[About this task]: Your task is to retype, exactly and only, the lines from the one containing "Кухня полностью оборудована" to the final line of the entries, leaving out all pictures.

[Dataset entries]

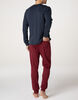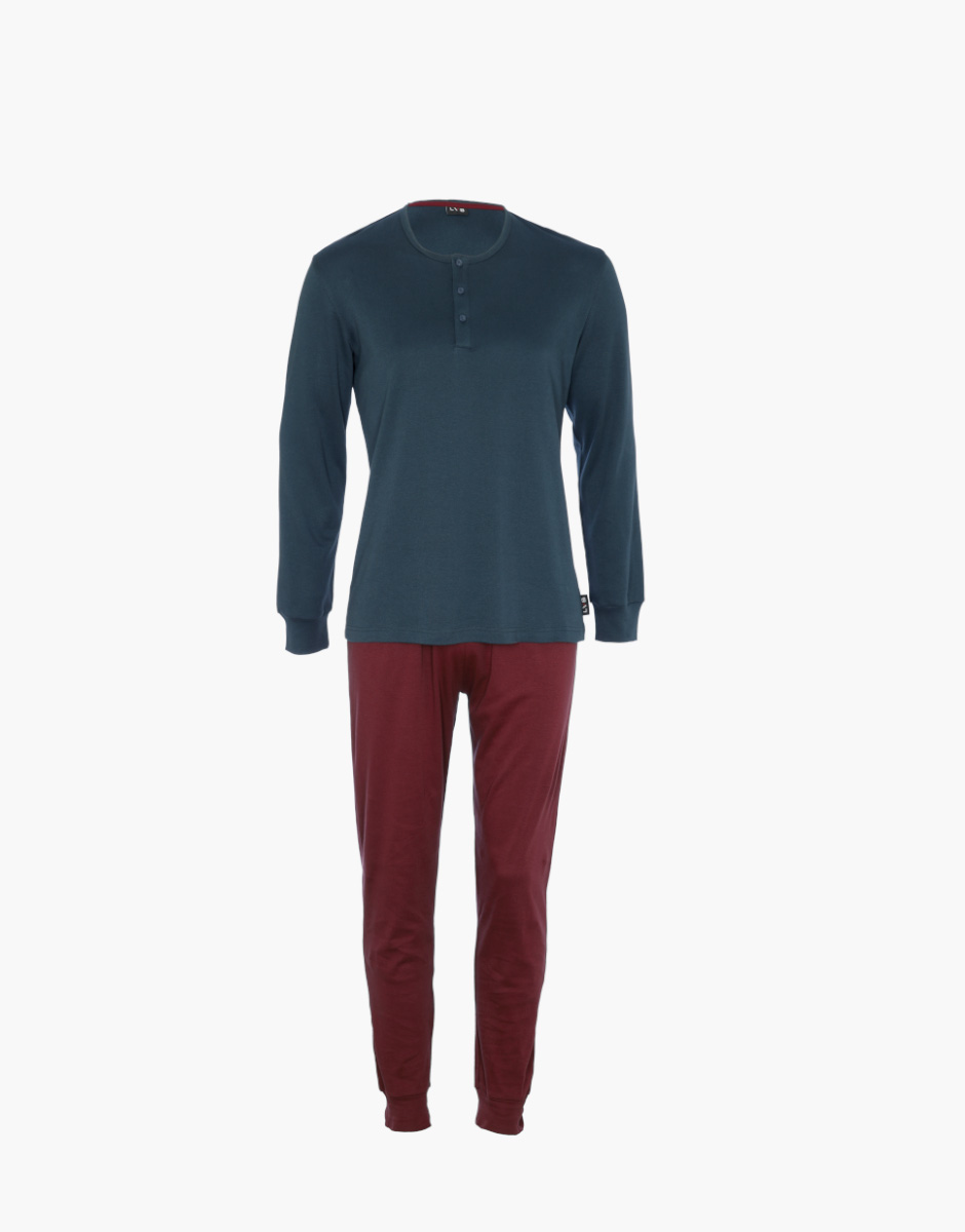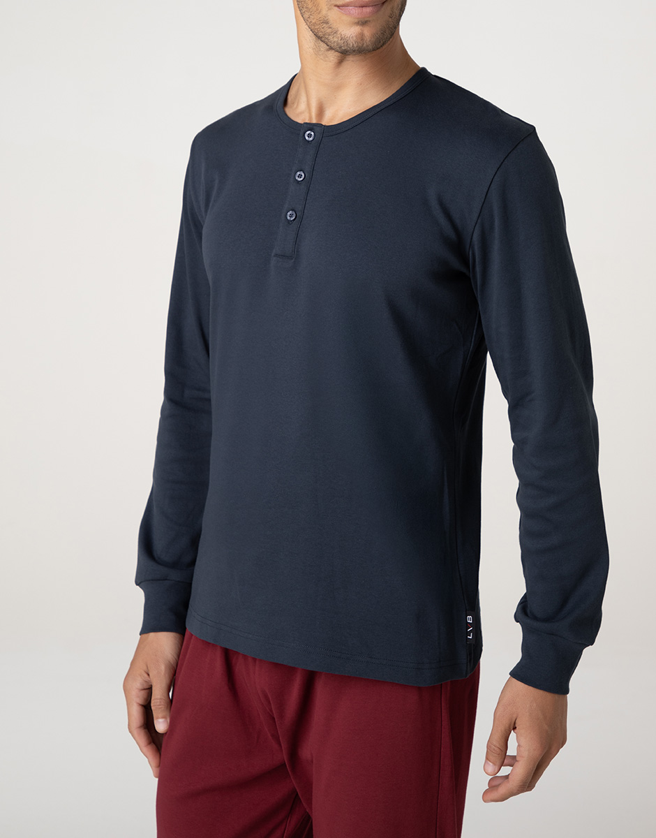 Un pigiama lungo da uomo realizzato in morbido cotone interlock, che assicura comfort e calore naturale durante la notte. La casacca blu notte presenta un collo serafino a 3 bottoni e polsini al fondo manica, per una vestibilità comoda.
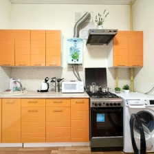 Кухня полностью оборудована для приготовления любимых блюд: здесь есть холодильник, микроволновая печь, электрический чайник, духовка , а также весь необходимый набор посуды — кастрюли, сковороды, кружки, тарелки и столовые приборы. Для вашего удобства в квартире также имеются стиральная машина, утюг и фен.
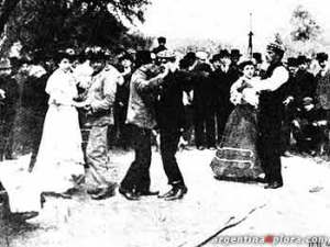 En 1896, en los bailes públicos de la clase media-alta se baila con corte y quebrada, pero los tipos de danza son todavía variados: habanera, milonga, polka, mazurca.
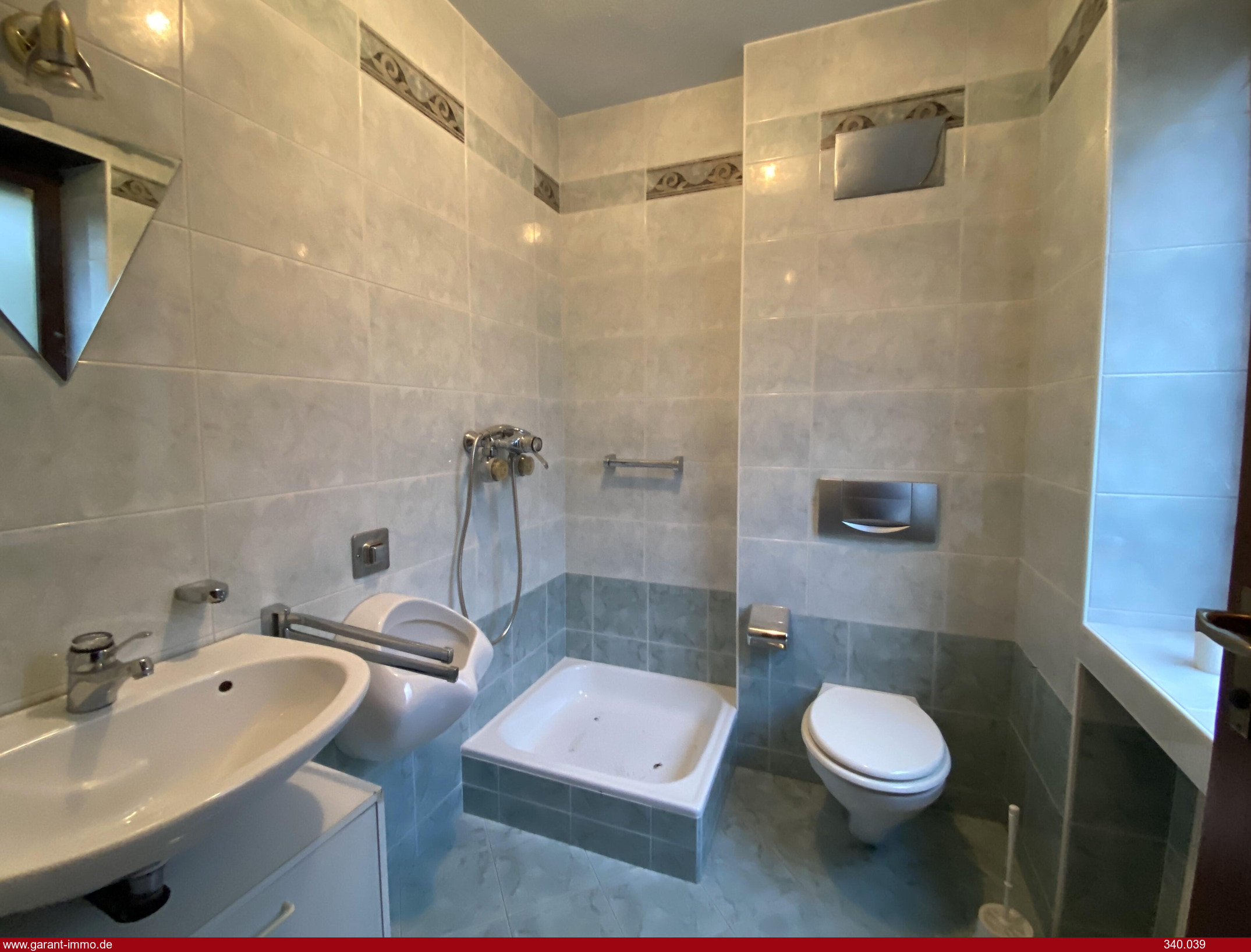 * Ein Tageslicht- Gästebad mit Dusche, WC und Urinal
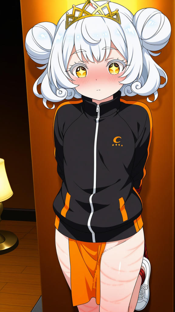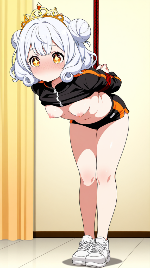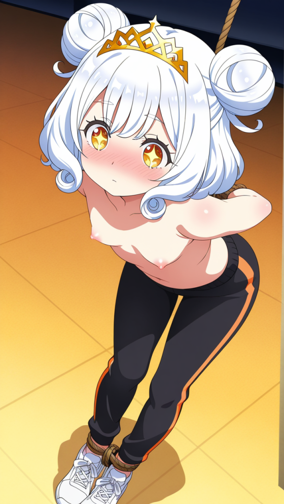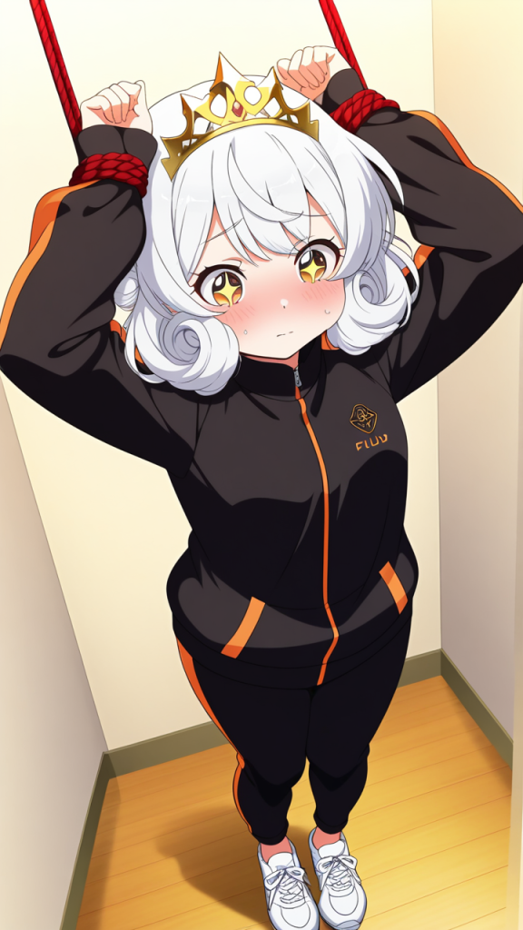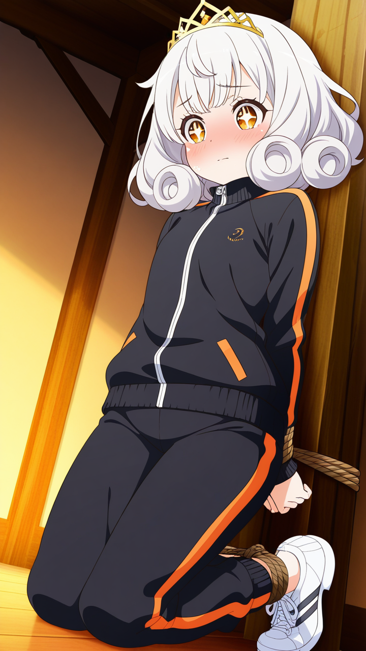 美少女,おっぱい,おしり,乳首,手縛り,拘束,ロープ,,白髪のお団子ヘア、毛先はふんわりカール,橙色の丸くてキラキラした瞳,小柄でむっちりした体型,オレンジと黒のジャージ上下、白いスニーカー、金色のティアラ型ヘッドドレス,ミステリアスで無表情だが、時折微笑む

[Answer to the problem]:
 Кухня полностью оборудована для приготовления любимых блюд: здесь есть холодильник, микроволновая печь, электрический чайник, духовка , а также весь необходимый набор посуды — кастрюли, сковороды, кружки, тарелки и столовые приборы. Для вашего удобства в квартире также имеются стиральная машина, утюг и фен.
 En 1896, en los bailes públicos de la clase media-alta se baila con corte y quebrada, pero los tipos de danza son todavía variados: habanera, milonga, polka, mazurca.
 * Ein Tageslicht- Gästebad mit Dusche, WC und Urinal
 美少女,おっぱい,おしり,乳首,手縛り,拘束,ロープ,,白髪のお団子ヘア、毛先はふんわりカール,橙色の丸くてキラキラした瞳,小柄でむっちりした体型,オレンジと黒のジャージ上下、白いスニーカー、金色のティアラ型ヘッドドレス,ミステリアスで無表情だが、時折微笑む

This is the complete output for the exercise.